In the entries below, which lines run from the one with "FLY London Boots" through the one with "e resistenza all'usura."? Repeat exactly those, both included, and no pictures.

Stored items from a collection:

*** Block opens ***

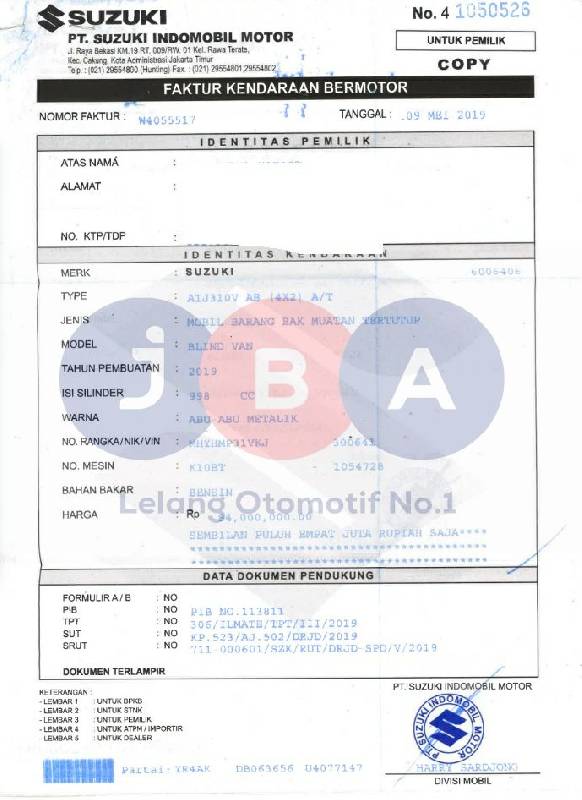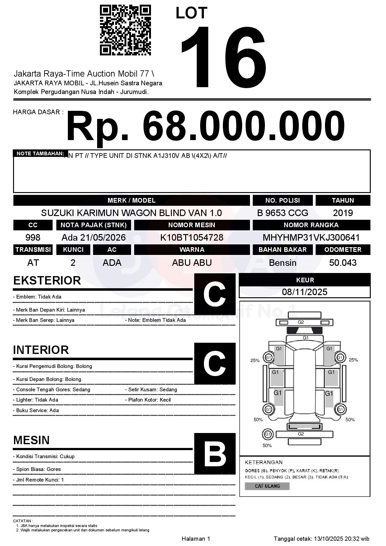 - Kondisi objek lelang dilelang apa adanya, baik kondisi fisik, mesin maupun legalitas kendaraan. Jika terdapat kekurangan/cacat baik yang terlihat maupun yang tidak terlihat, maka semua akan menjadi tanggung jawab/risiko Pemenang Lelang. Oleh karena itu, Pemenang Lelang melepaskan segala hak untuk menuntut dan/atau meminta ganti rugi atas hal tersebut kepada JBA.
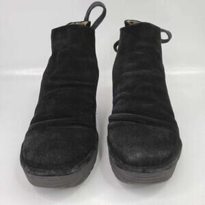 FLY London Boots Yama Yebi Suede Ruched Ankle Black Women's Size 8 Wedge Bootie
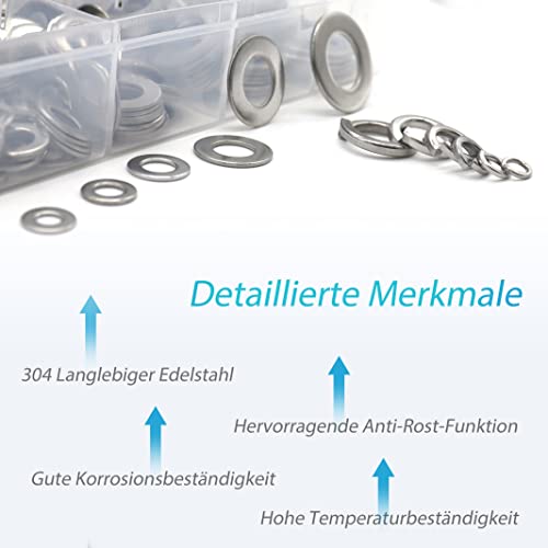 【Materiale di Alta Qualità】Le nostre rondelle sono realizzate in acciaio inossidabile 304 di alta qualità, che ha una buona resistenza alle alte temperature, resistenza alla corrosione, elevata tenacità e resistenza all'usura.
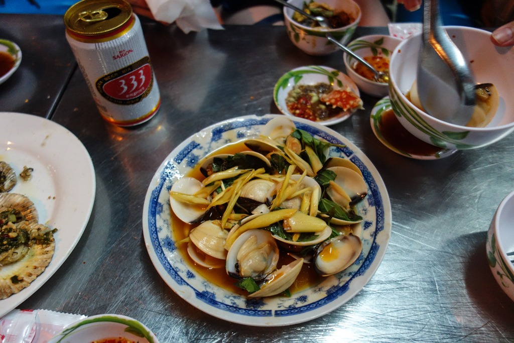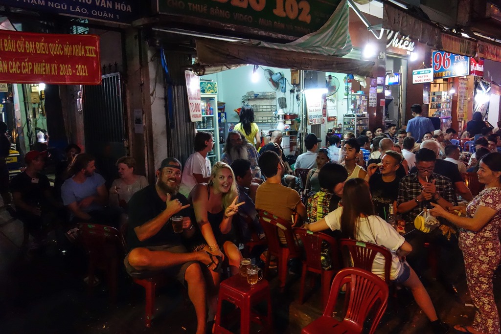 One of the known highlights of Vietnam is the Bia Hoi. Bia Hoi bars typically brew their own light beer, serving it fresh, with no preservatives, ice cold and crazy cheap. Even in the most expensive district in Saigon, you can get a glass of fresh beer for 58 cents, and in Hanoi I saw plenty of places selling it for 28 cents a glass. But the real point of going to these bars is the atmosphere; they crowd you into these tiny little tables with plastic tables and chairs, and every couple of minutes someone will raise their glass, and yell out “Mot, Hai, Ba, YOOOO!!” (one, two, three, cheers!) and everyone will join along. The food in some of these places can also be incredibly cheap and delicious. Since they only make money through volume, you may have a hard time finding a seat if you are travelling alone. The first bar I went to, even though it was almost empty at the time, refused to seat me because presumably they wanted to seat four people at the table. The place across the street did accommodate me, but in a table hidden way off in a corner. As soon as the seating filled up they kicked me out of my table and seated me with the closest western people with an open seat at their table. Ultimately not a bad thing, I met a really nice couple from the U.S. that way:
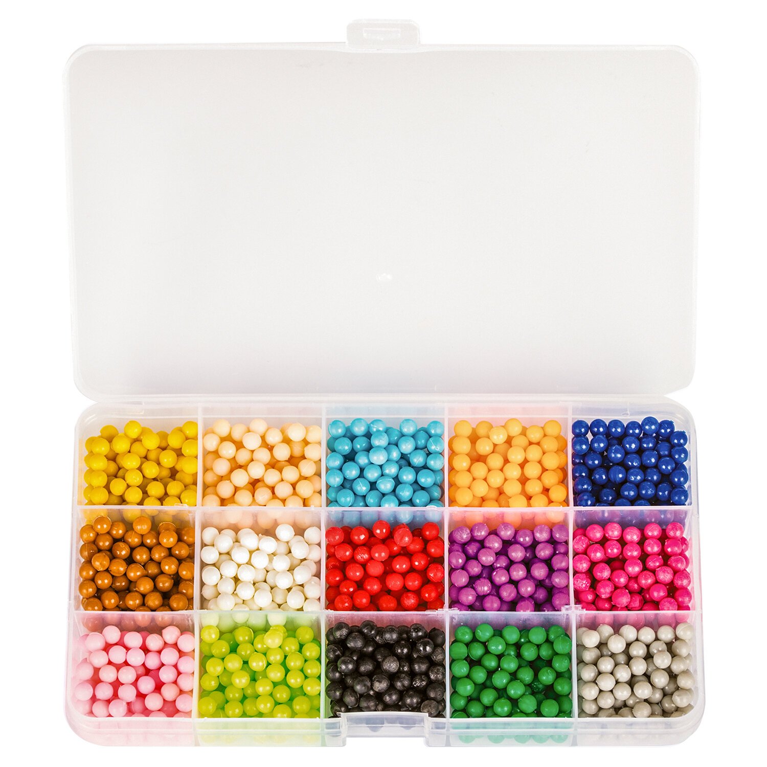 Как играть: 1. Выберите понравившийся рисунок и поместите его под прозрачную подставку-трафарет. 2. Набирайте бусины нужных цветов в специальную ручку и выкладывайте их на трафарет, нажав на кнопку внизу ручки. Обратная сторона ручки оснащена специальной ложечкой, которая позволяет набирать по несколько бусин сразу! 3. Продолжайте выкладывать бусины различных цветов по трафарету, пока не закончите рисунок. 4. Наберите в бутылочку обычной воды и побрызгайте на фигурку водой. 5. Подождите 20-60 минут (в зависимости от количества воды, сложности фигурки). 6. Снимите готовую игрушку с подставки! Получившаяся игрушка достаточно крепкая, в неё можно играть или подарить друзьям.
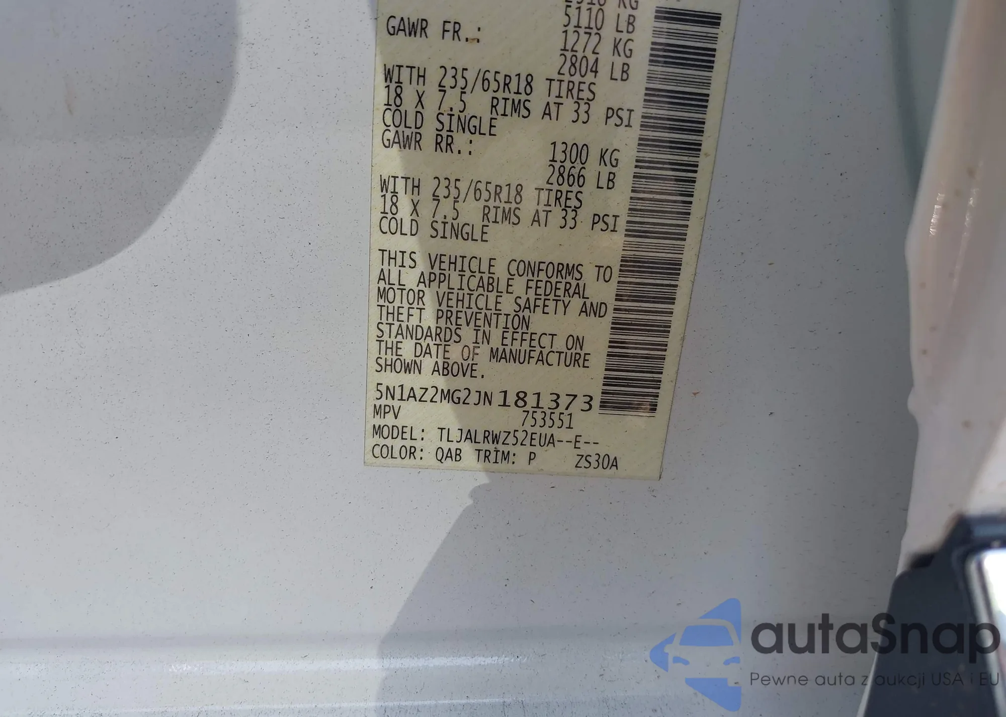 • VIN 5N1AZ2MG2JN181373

*** Block closes ***

• **OUTPUT FOR THIS TASK**:
 FLY London Boots Yama Yebi Suede Ruched Ankle Black Women's Size 8 Wedge Bootie
 【Materiale di Alta Qualità】Le nostre rondelle sono realizzate in acciaio inossidabile 304 di alta qualità, che ha una buona resistenza alle alte temperature, resistenza alla corrosione, elevata tenacità e resistenza all'usura.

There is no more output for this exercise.